Some of that has to do with age, of course. If you’re a rock critic in your early 30s, you probably have a different frame of reference about a band like My Chemical Romance than for the Rolling Stones – and certainly a different one from a critic in his 50s or 60s.
Similarly, if you’re in your late 20s, you probably look at filmmakers like Wes Anderson or Paul Thomas Anderson or Quentin Tarantino differently than someone in their 60s. Part of it is, again, the size of your body of reference, something that comes with age; the other part is age itself, and the way it alters your perspective.
But if you don’t care about context, you trap popular culture and popular arts in a tiny frame of reference. And that diminishes it, makes it paler and more homogenous.
This is the point at which someone accuses me of being like the old man yelling at the kids to get off his lawn. That’s not my intention. That doesn’t mean that I don’t believe that greater context allows for greater perspective (in other words, expertise increases with age). But that’s not my point here.
Rather, this is the first in what I hope to make a weekly look at context in culture – how it’s being minimized and minimalized and how that warps our sense of what our world can be, based on what we think has come before.
It’s not that context doesn’t occasionally rear its ugly head, as it seemed to do every time Mitt Romney opened his mouth during the recent presidential campaign. But the mass media was so startled during the first presidential debate – the one President Obama supposedly lost – that it couldn’t quite bring itself to actually point out the massive breach of context in virtually everything Romney said that night.
Certainly moderator Jim Lehrer looked flabbergasted when Romney started describing the liberal nature of almost position in his platform; so shocked was he at the way those statements stood in context of the myriad opposing statements Romney had previously uttered that he couldn’t bring himself to sputter out a demurral. Nor could the rest of the mainstream media seem to muster the nerve to say, to quote a knavish Republican congressman, “You lie.”
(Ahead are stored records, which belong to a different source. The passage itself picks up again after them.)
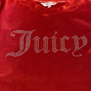 Juicy Couture Ruby Red LOGO L/S Scoop Neck Velour Top Size SMALL
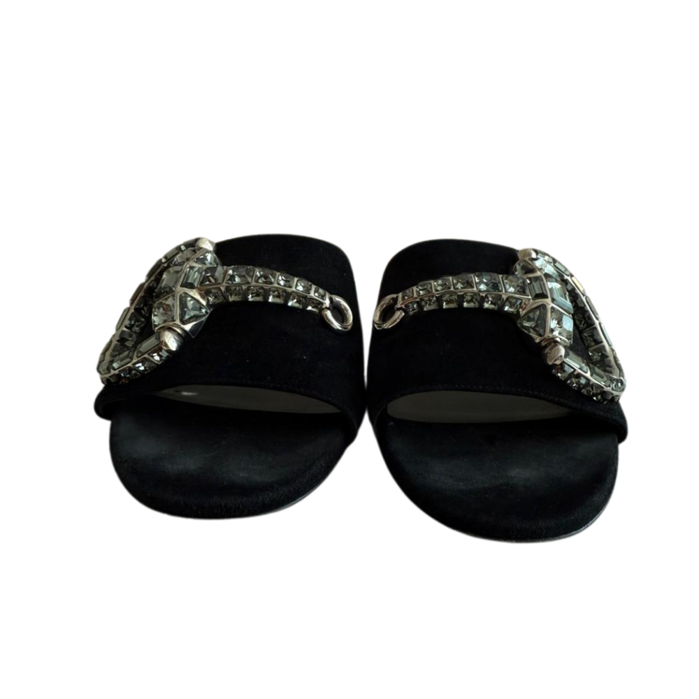 GucciMaxime Crystal Horsebit Suede Slide Sandals Black 37
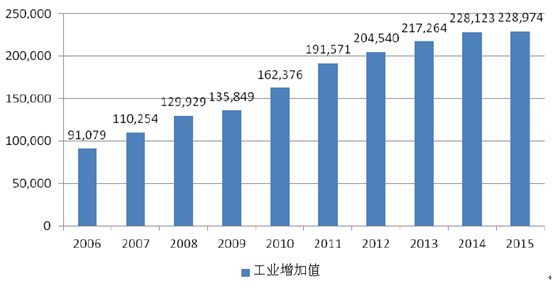 工業領域歷來是用電大戶,是斷路器重要應用領域之一。盡管近年來在國家節能減排政策的驅動下,煉鐵、煉鋼、焦炭、水泥等工業行業中一批產能落后的企業逐步被淘汰,工業增加值增速趨緩,但工業增加值絕對值仍穩步上升,工業增加值從2006 年91,079 億元達到2015 年228,974 億元,復合增長率為10.79%。

Instead, the media focused on how Obama was too shocked (or polite) to say, “Why isn’t anyone noticing how much crap this guy is talking?” Any attempts to say that, gee, in the context of everything Romney had said before, the things he said during the first debate sounded like, um, lies – well, the response went, he was just making a slight course correction to appeal to moderate voters. This is nothing like a lie.
I don’t mean to go all political here, though I probably will, on occasion. So let me offer a different moment of context shock that I had, around the same time as those presidential debates.
I was watching the film “Pitch Perfect,” an activity I only recommend if you’re a still-impressionable pre-teen or even a teen who loves “Glee” and believes in the healing power of aggressively pallid pop music. At one point, a group of a capella singers cheers when it is announced that they’ll be performing a song from the oeuvre of Kelly Clarkson.
And I thought, In what context is Kelly Clarkson considered a major artist? In what universe? How low into the soup of homogenized pop music have we sunk that no one blinks when this minor talent is considered a star?
Yes, I recognize that she’s as popular as an “American Idol” winner is likely to become. But her shelf-life is going to be short. Perhaps, if the category were “best-selling female pop singers of the early 21st century,” she’d have a shot at the top 10. Beyond that, she’s a minnow in a sea of whales.
Except to this demographic. With time, they too will develop a frame of reference in which to consider the unexceptional talents of Kelly Clarkson. Perhaps they’ll someday remember their fondness for Clarkson’s bland, machine-made pop the same way I recall a youthful infatuation with Herman’s Hermits – the product of undeveloped, unsophisticated taste, as yet unmarked or unchallenged by the concept of context.